If it is legal to attract deer with mineral licks where you hunt, do it. Building one mineral or bait site for every 50 to 100 acres you hunt is about right. Hook a camera on a tree within 10 feet every lick you create. In a few weeks you’ll get hundreds of images of deer digging and licking dirt. By late August you’ll gather an inventory of the size and age class of most of the bucks on your land.

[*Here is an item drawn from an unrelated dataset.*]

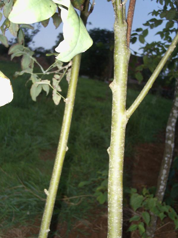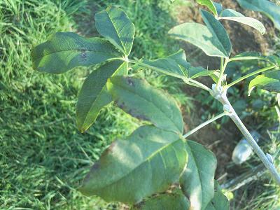 Je reviens vers vous pour une nouvelle identification: l'automne dernier j'ai planter cet arbuste pensant, (re), qu'il s'agissait d'une variété de saule mais j'ai un doute à cause de la forme des feuilles qui ne ressemble pas aux feuilles de saules que je connais, on remarque sur la photo des feuilles, que le pétiole supporte trois feuilles, un peu comme le ferait un trèfle, l'écorce du tronc, elle, pas contre, ressemble assez à celles des saules. Alors je doute. Pouvez-vous m'aider. :?: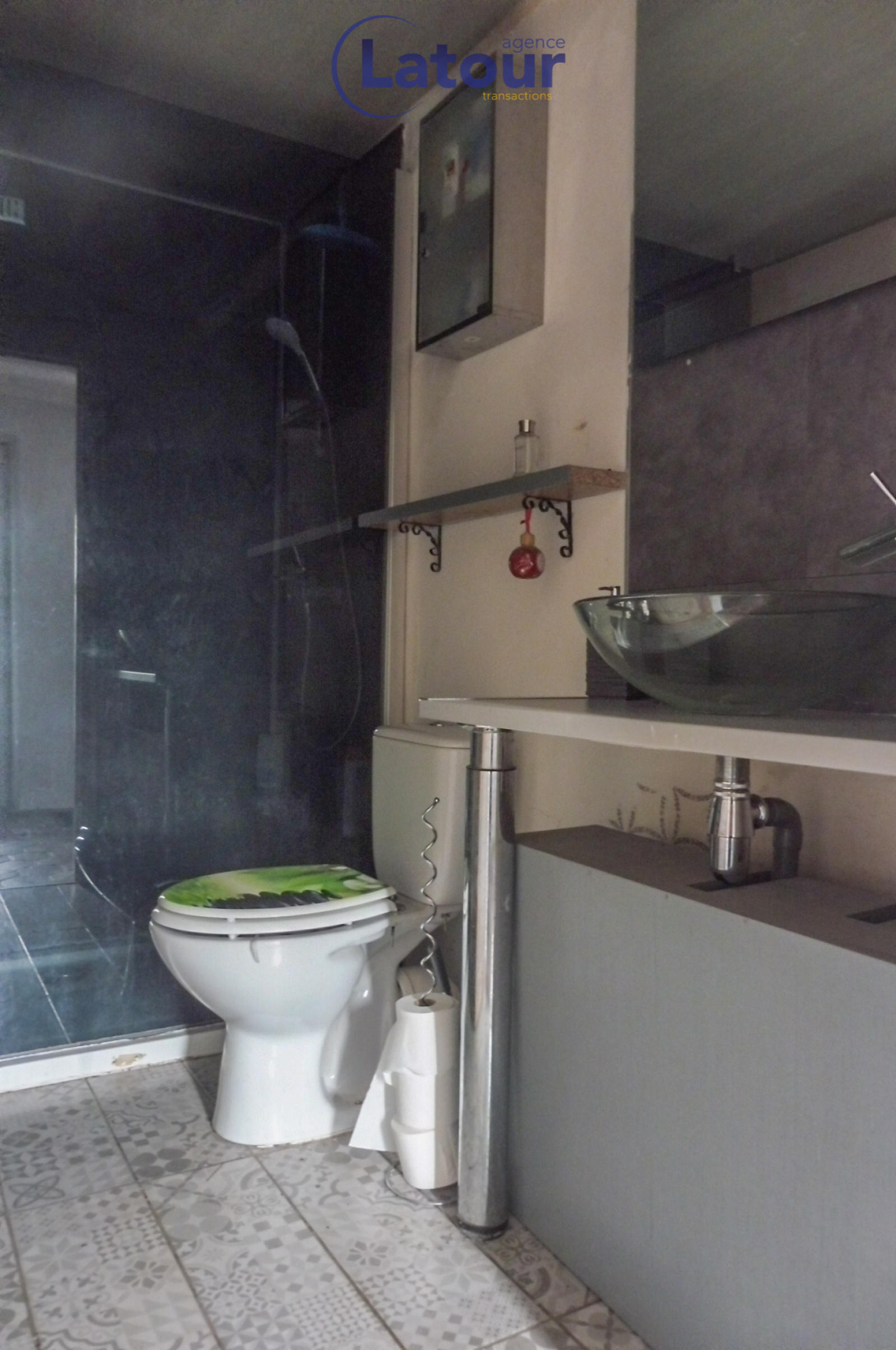 RDC : entrée sur séjour, salon avec cheminée, cuisine aménagée avec cheminée, salle d'eau avec wc.

I like to build mineral sites just inside wood lines near the corners and edges of fields or plots, and close to deer trails where bucks can veer over to work the dirt with minimal effort. These will be your most productive surveillance sites for the next two months.

Food Plot Cams

Our little hunt club has several half-acre clover plots tucked throughout our Virginia woods. We hang a camera on the edge of each and point it out toward the middle where we can cover the entire plot, or most of it. The goal in July is not so much to get a closeup picture of a big deer, you just want to surveille as much ground as you can with wide-angle cams in hopes of getting those first small but telling images of bodied-deer with the tallest racks.

Cropfield Cams

I set multiple cameras on the larger bean and cornfields on the farm I hunt, but as a rule I do not aim those cams out into the middle of the fields. Rather, I try to set field cams 20 or 30 yards back in the thickets that rim the edges, on or near well-used trails that deer walk to get to the crops. Secluded, thick pockets and trails are where you’re apt of get images of a big velvet buck working the area. Gaps in fence rows and open gates near fields are great pinch points for cameras.

Water Cams

Where in the heck to set cameras in the thick, green, muggy summer woods? It’s tricky, but focusing on creeks, beaver ponds and other waterholes is a good way to narrow the woods and get some buck images, especially in drought conditions, as we’re seeing in many parts of Mid-Atlantic and South this summer. Scout and set cameras near creek crossings or pond edges with the most deer tracks. As summer deepens, bucks like to hang out in low-lying areas where it’s cool and shady.

Set some cameras out in good spots these next few weeks, and you can find out not only the fields or plots where a big deer or two are feeding, but perhaps also where they’re bedding in the shady woods near water. Although this initial intel will reveal the bucks’ summer habits, the animals will still be on those patterns when bow season opens in a couple of months.